### Dataset entries

■ ■ ■

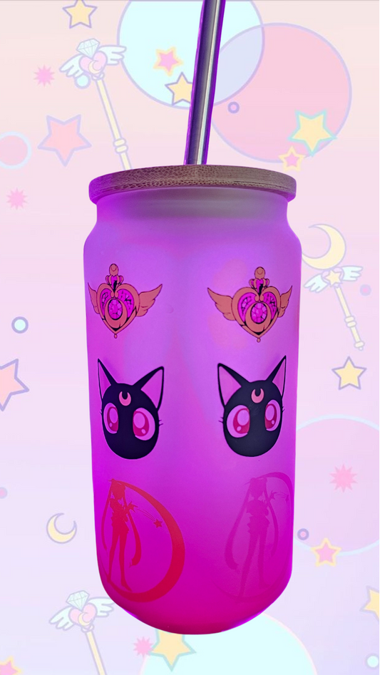 Sailor Moon Frosted Pink Ombre Glass Tumbler – 18 oz
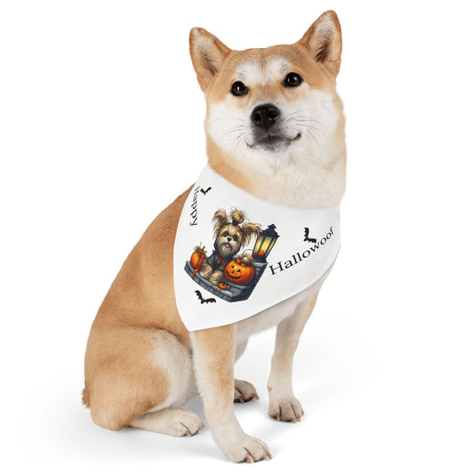 Happy "Hallowoof" - LARGE Pet Bandana Collar WHITE 01
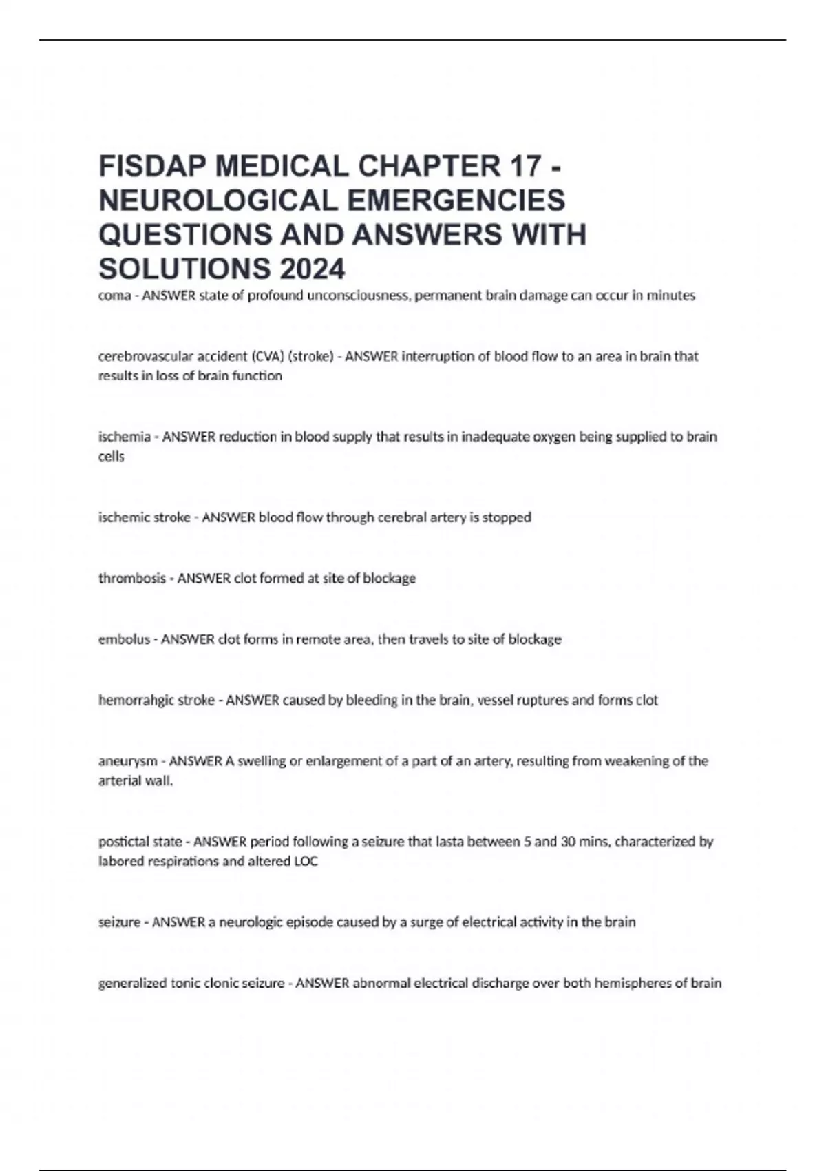 FISDAP MEDICAL CHAPTER 17 - NEUROLOGICAL EMERGENCIES QUESTIONS AND ANSWERS WITH SOLUTIONS 2024
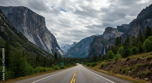 mountain road, road trip, hi-res, road, mountain, vale, forest, cloud, sky, travel, adventure, highway, scenic route, open road, driving, explore, discover, beautiful, breathtaking, stunning, serene, peaceful, calm, tranquil, image, picture, stock photos, photo, download, print, wallpaper, background, yosemite, national park, california
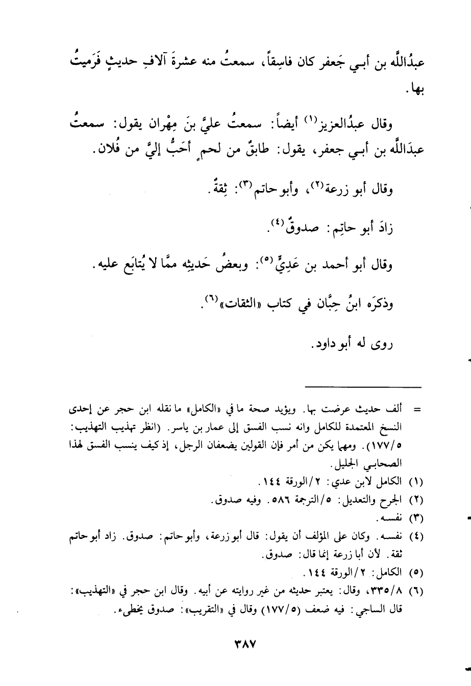 (4) نفسه. وكان على المؤلف أن يقول: قال أبو زُرْعَة، وأبو حاتم: صدوق. زاد أبو حاتم ثقة. لان أبا زرعة إنما قال: صدوق.

■ ■ ■

### What is needed
Output every record verbatim, skipping images.

### Response below
 Sailor Moon Frosted Pink Ombre Glass Tumbler – 18 oz
 Happy "Hallowoof" - LARGE Pet Bandana Collar WHITE 01
 FISDAP MEDICAL CHAPTER 17 - NEUROLOGICAL EMERGENCIES QUESTIONS AND ANSWERS WITH SOLUTIONS 2024
 mountain road, road trip, hi-res, road, mountain, vale, forest, cloud, sky, travel, adventure, highway, scenic route, open road, driving, explore, discover, beautiful, breathtaking, stunning, serene, peaceful, calm, tranquil, image, picture, stock photos, photo, download, print, wallpaper, background, yosemite, national park, california
 (4) نفسه. وكان على المؤلف أن يقول: قال أبو زُرْعَة، وأبو حاتم: صدوق. زاد أبو حاتم ثقة. لان أبا زرعة إنما قال: صدوق.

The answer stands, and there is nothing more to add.